At the end of the course, the student will be able to:

  • To develop aptitude in analyzing random walks.
  • To have insight into Markov chains, Markov processes and birth-and-death processes, and to be able to determine their stationary distribution.
  • To have a thorough understanding of the properties of the Poisson process.
  • To get a feeling for the application of stochastic processes in the analysis and optimization of all kinds of systems and phenomena in industry and society.
   • To be able to treat a modeling problem of moderate size in the area of stochastics.
   • Derive the theoretical properties of Markovian models and carry out corresponding calculations.
General Competences
  • Working independently
  • Decision-making
  • Production of free, creative and inductive thinking
  • Criticism and self-criticism

Syllabus

Introduction to stochastic processes: Definition, examples, Random walks: Constrained random walks: gambling problems, Reflected random walks, Discrete Time Markov Chains (DTMC): Introduction, Definitions, examples, Transient behaviour, First passage times, First step analysis, Classification of states, visits to a fixed state, limiting behaviour and applications, Continuous Time Markov Chains (CTMC): Poisson process and applications, Birth-death processes and applications.

Teaching and Learning Methods - Evaluation

Delivery

Classroom (face-to-face)

Use of Information and Communications Technology -

Use of ICT in communication with students

Teaching Methods
Activity Semester Workload
Lectures 39
Working independently 78
Exercises-Homeworks 33
Course total 150
Student Performance Evaluation

Final exams (100%) including Theory and Exercises

Attached Bibliography

See the official Eudoxus site or the local repository of Eudoxus lists per academic year, which is maintained by the Department of Mathematics.

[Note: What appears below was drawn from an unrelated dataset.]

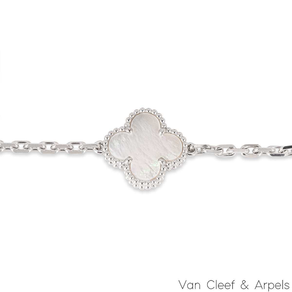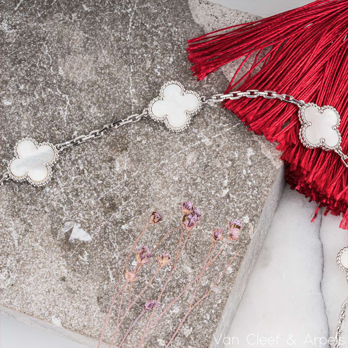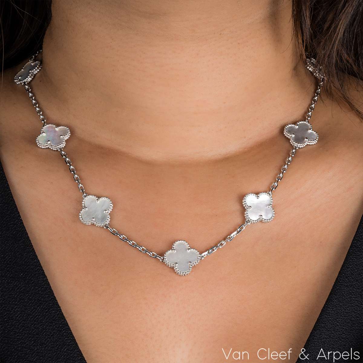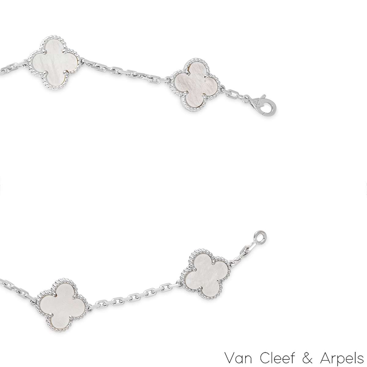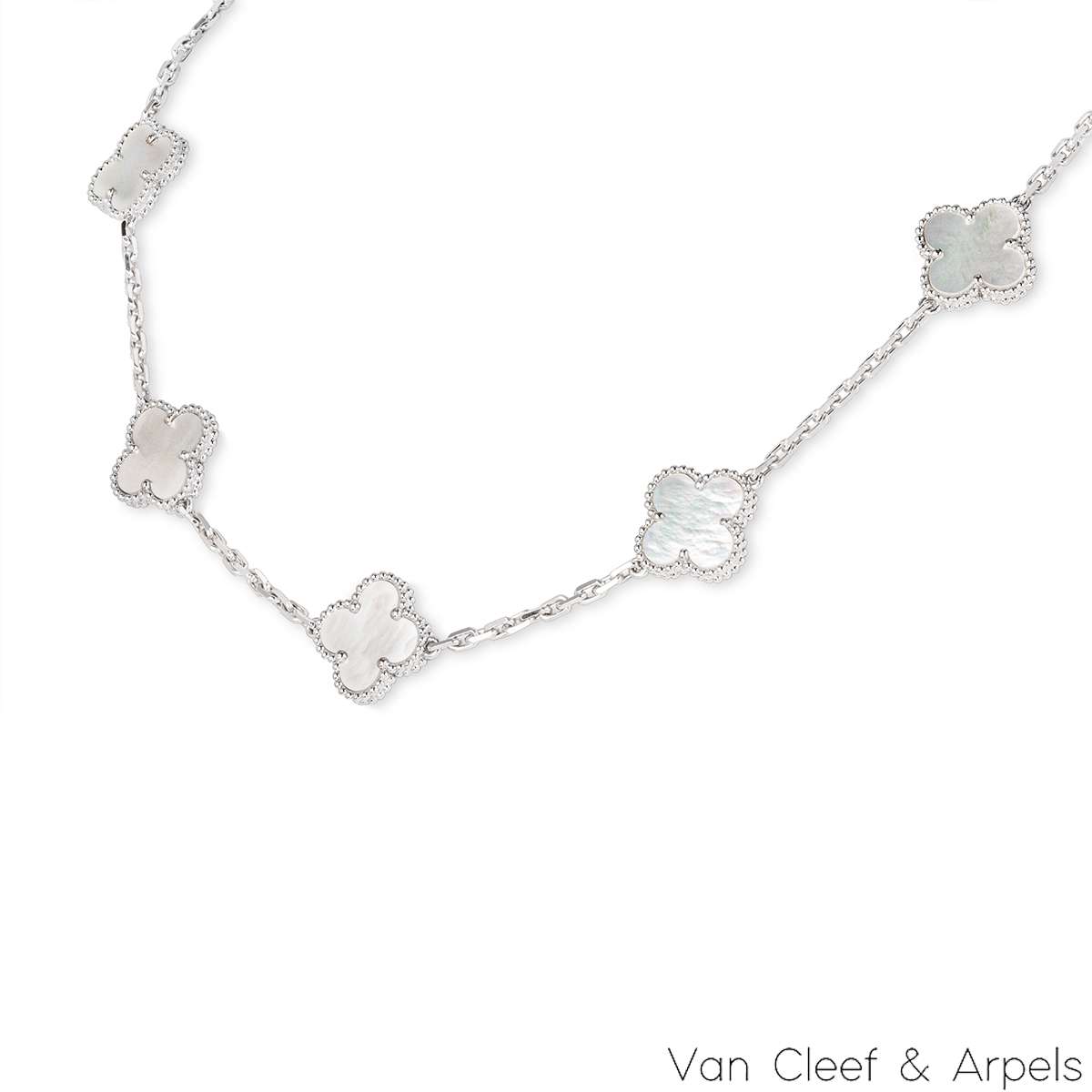 A stunning 18k white gold Vintage Alhambra necklace by Van Cleef & Arpels. The necklace has 10 motifs, each set with a mother of pearl inlay and complemented by a beaded outer edge. The necklace measures 17 inches in length, features a lobster clasp and has a gross weight of 24 grams.

Books and other resources, not provided by Eudoxus:

  • V.G. Kulkarni. Introduction to Modeling and Analysis of Stochastic Systems Second Edition, Springer, 2011 (parts from Ch. 1-4).
  • M. Pinsky, S. Karlin. An Introduction to Stochastic Modeling, Fourth Edition, Academic Press, 2011. (parts from Ch. 3-6).
  • N. Privault. Understanding Markov Chains Examples and Applications. Springer, 2018.
  • Ross, S.. Introduction to Probability Models, Academic Press, New York, 12th Ed. 2019.